In declining to follow the district court’s decision in the Coudert case, the district court in Thelen reasoned that a finding that hourly client matters are property of dissolved law firms is inconsistent with a client’s right to choose its attorneys, clashes directly with New York’s Rules of Professional Conduct prohibiting fee sharing and “would result in an unjust windfall for the Thelen estate, as compensating a former partner out of that fee would reduce the compensation of the attorneys performing the work.” Geron v. Robinson & Cole LLP (In re Thelen LLP), 476 B.R. 732, 740-41 (S.D.N.Y. 2012) (quotation and citation omitted).  The district court in Thelen also identified the “bizarre consequences” of the bankrupt firm having such property interests—including, potentially, the power of a debtor law firm to sell its hourly fee matters to the highest bidder under section 363 of the Bankruptcy Code and the inability of a client to transfer its case to a new firm without violating the automatic stay under section 362 of the Bankruptcy Code.  Id.

Trustees of Bankrupt Law Firms, the American Bar Association and NY Law Firms Weigh In

The trustees and plan administrator for the bankrupt law firms of Dewey & LeBoeuf, Howrey and Heller Ehrman submitted an amici curiae brief arguing that bankrupt law firms have property rights in hourly matters, entitling bankruptcy trustees to recover unfinished business profits for the benefit of the bankrupt firm’s creditors.  They noted the significance of the ruling in Thelen:

Until Judge Pauley’s decision in the Thelen LLP bankruptcy, three federal judges had ruled that New York would apply the Unfinished Business Rule to a law firm’s hourly matters and every court in every major urban or financial center — from California to Washington D.C. to Illinois and Pennsylvania — had applied the Unfinished Business Rule to law firms, regardless of whether ongoing client matters were billed on a contingent or hourly basis. ... In the fall of 2012, Judge Pauley’s decision brought chaos where there was once order by finding that New York, the epicenter of the U.S. legal market, would not abide by the uniform application of the Unfinished Business Rule.

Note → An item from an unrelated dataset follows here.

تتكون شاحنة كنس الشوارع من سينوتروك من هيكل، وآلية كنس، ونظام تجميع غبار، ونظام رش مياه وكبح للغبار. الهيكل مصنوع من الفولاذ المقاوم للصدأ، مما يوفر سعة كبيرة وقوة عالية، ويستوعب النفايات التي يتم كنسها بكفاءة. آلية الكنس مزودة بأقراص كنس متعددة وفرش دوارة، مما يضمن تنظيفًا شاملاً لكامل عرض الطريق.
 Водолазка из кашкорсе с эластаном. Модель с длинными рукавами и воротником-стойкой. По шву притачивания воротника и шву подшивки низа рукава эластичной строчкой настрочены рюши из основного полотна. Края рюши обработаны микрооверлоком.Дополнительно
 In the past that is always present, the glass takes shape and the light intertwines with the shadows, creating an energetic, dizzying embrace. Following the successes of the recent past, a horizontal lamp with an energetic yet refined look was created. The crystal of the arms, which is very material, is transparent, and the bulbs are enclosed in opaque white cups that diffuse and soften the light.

Also filing an amici curiae brief, a group of 12 prominent firms with offices in New York argued that the application of the unfinished business rule to hourly fee matters infringes on clients’ unfettered right to choose their counsel and “would impose a monetary penalty on firms agreeing to represent clients who, through no fault of their own, happened to be represented at one time by attorneys whose former law firm failed.”  The 12 firms have agreed to represent clients whose former firm has dissolved after hiring the dissolved firm’s former partners.

The American Bar Association also weighed in, “in support of neither party, but rather in support of the client’s right to choose its counsel.”  The ABA, with nearly 400,000 members including over 36,000 lawyers in New York, asserted “that the contention that an unfinished hourly rate client matter of a dissolved firm is property of the dissolved firm conflicts directly with the long-standing principle that the client has the right to control its relationship with its attorney, and to select and retain or change counsel at any time.”

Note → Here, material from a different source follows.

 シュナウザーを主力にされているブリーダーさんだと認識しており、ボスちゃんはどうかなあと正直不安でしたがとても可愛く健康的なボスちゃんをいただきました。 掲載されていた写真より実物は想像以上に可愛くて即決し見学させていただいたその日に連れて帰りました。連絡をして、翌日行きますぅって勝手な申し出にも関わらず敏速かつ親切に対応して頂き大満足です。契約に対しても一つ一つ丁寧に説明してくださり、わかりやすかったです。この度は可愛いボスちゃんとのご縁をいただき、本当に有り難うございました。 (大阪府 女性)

The N.Y. Court of Appeals’ ruling in the Coudert and Thelen cases will likely have a significant impact on the ability of bankruptcy trustees in recent and future law firm bankruptcy cases to claw back unfinished business profits from law firms who absorbed partners from the bankrupt firms.

The issue of whether dissolved law firms have a property interest in client matters has reached only a handful of appellate-level courts.  Although the N.Y. Court of Appeals’ decision will only be binding precedent in New York, where Dewey & LeBoeuf was headquartered, it will likely be cited by the prevailing side as persuasive authority in other jurisdictions.  Moreover, the N.Y. Court of Appeals decision may be important to bankruptcy fraudulent transfer actions against N.Y. partners of dissolved firms regardless of whether the firms were headquartered in New York or other jurisdictions.